**About this task**
In the entries that follow, find the line containing "Роза стабилизированная –" and the line containing "Inset bath with", then copy exactly everything from the first through the second except the pictures.

======== Records supplied ========

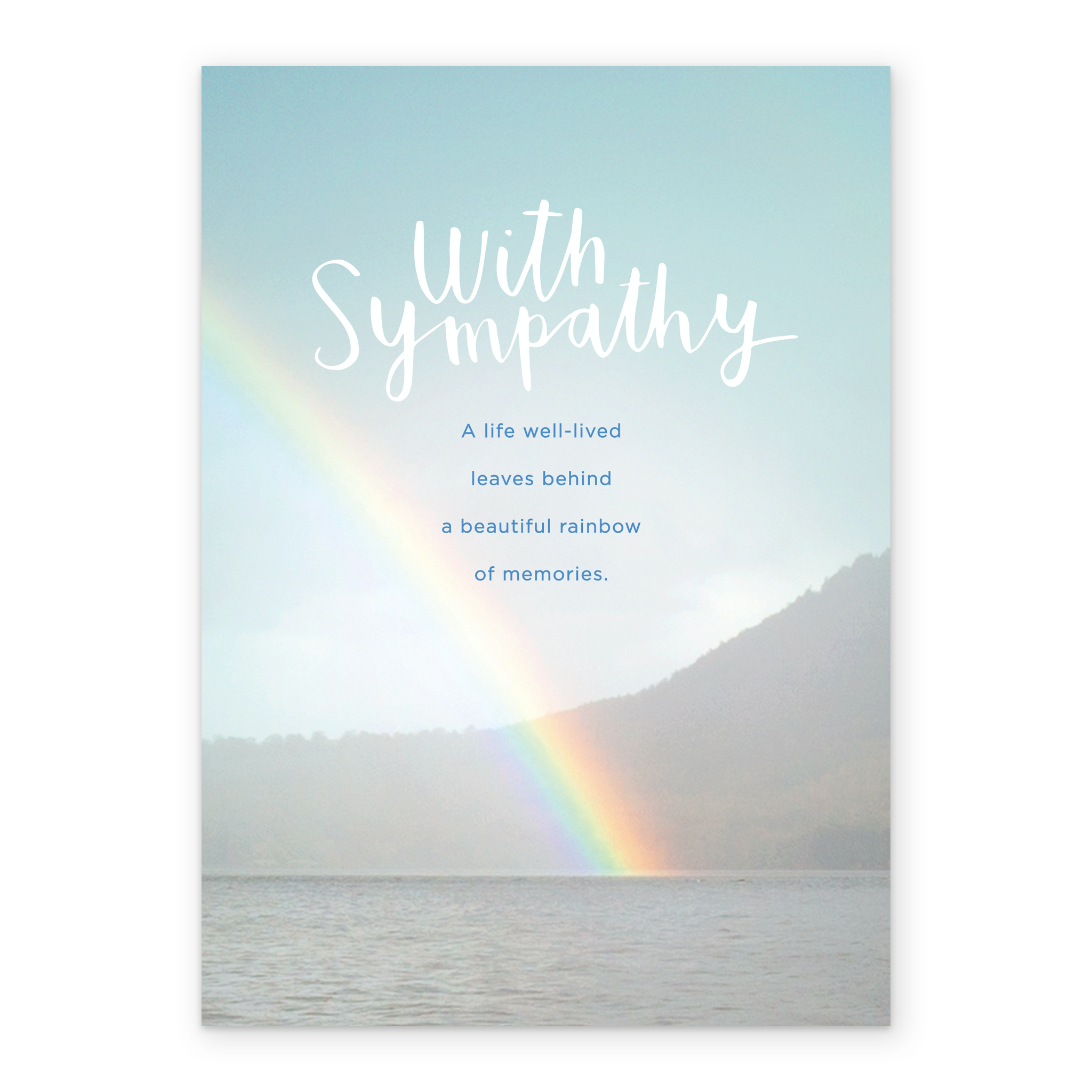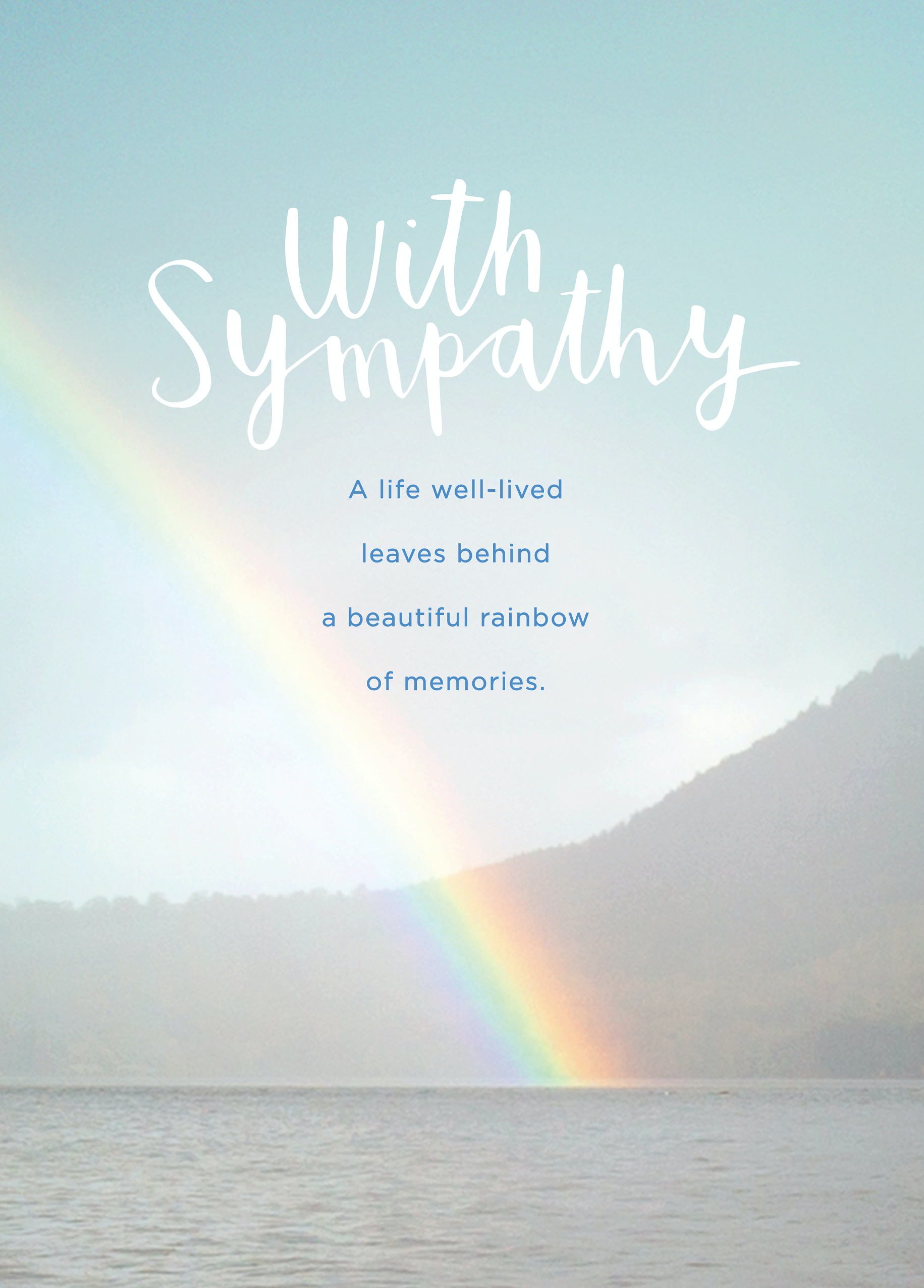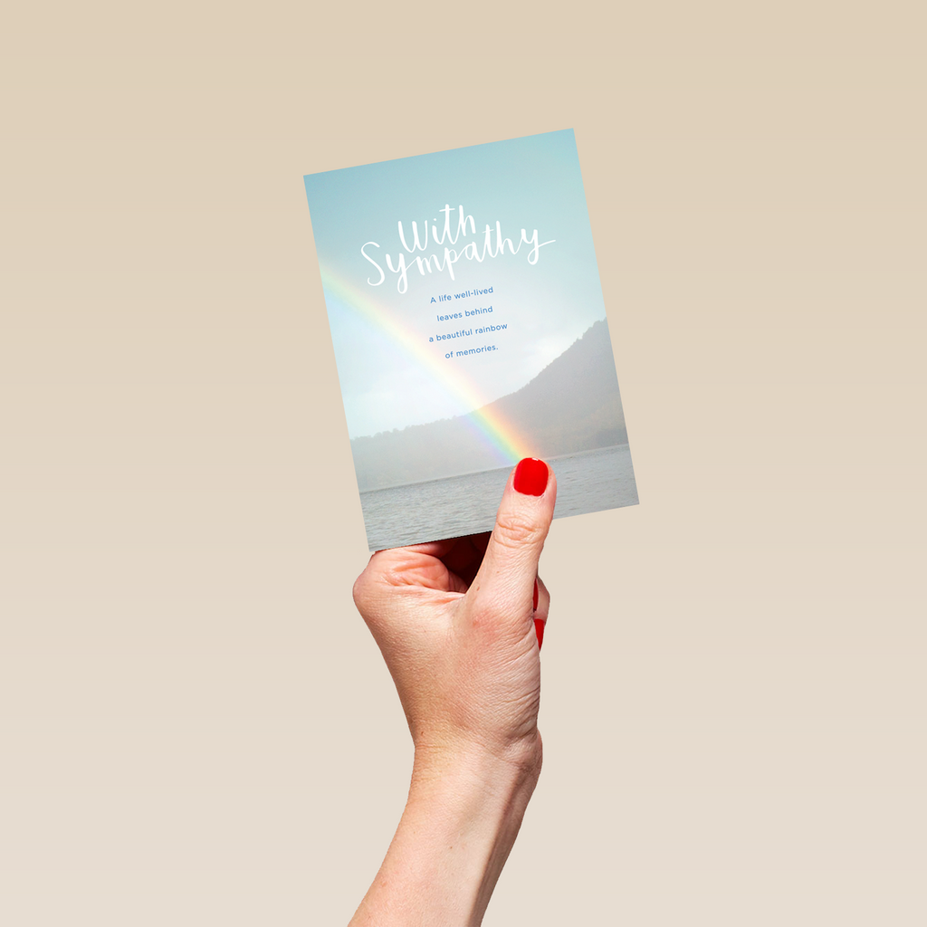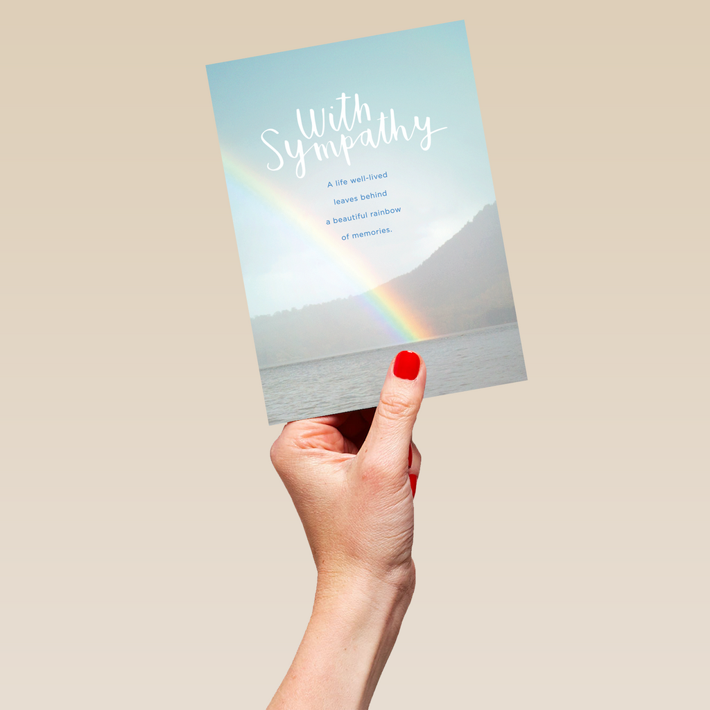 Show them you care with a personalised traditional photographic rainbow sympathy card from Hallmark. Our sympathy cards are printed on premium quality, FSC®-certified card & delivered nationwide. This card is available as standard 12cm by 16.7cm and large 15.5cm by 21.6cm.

========
======== Records supplied ========

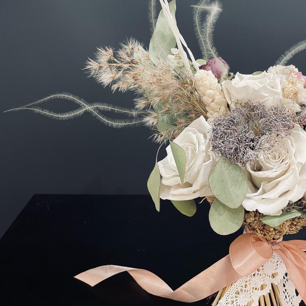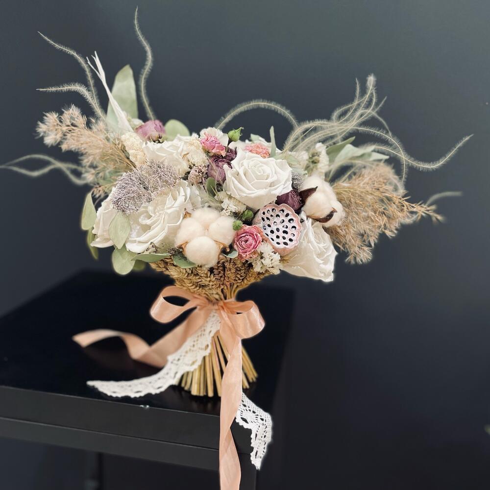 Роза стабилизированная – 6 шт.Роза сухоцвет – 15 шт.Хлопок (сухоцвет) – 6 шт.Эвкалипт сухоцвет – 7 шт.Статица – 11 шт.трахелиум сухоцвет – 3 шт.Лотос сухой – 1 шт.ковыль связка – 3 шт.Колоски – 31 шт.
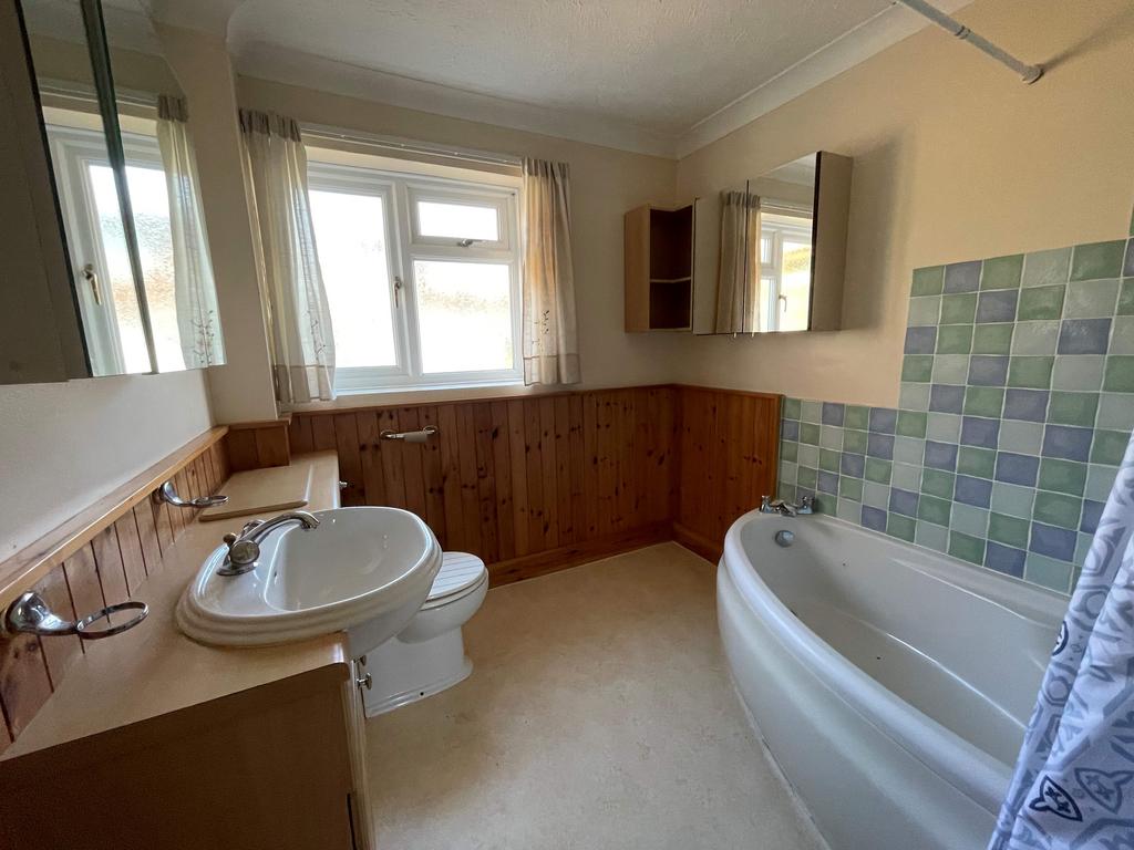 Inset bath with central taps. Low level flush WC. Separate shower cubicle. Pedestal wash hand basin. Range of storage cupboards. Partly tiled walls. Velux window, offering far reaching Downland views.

========

**Expected answer**
 Роза стабилизированная – 6 шт.Роза сухоцвет – 15 шт.Хлопок (сухоцвет) – 6 шт.Эвкалипт сухоцвет – 7 шт.Статица – 11 шт.трахелиум сухоцвет – 3 шт.Лотос сухой – 1 шт.ковыль связка – 3 шт.Колоски – 31 шт.
 Inset bath with central taps. Low level flush WC. Separate shower cubicle. Pedestal wash hand basin. Range of storage cupboards. Partly tiled walls. Velux window, offering far reaching Downland views.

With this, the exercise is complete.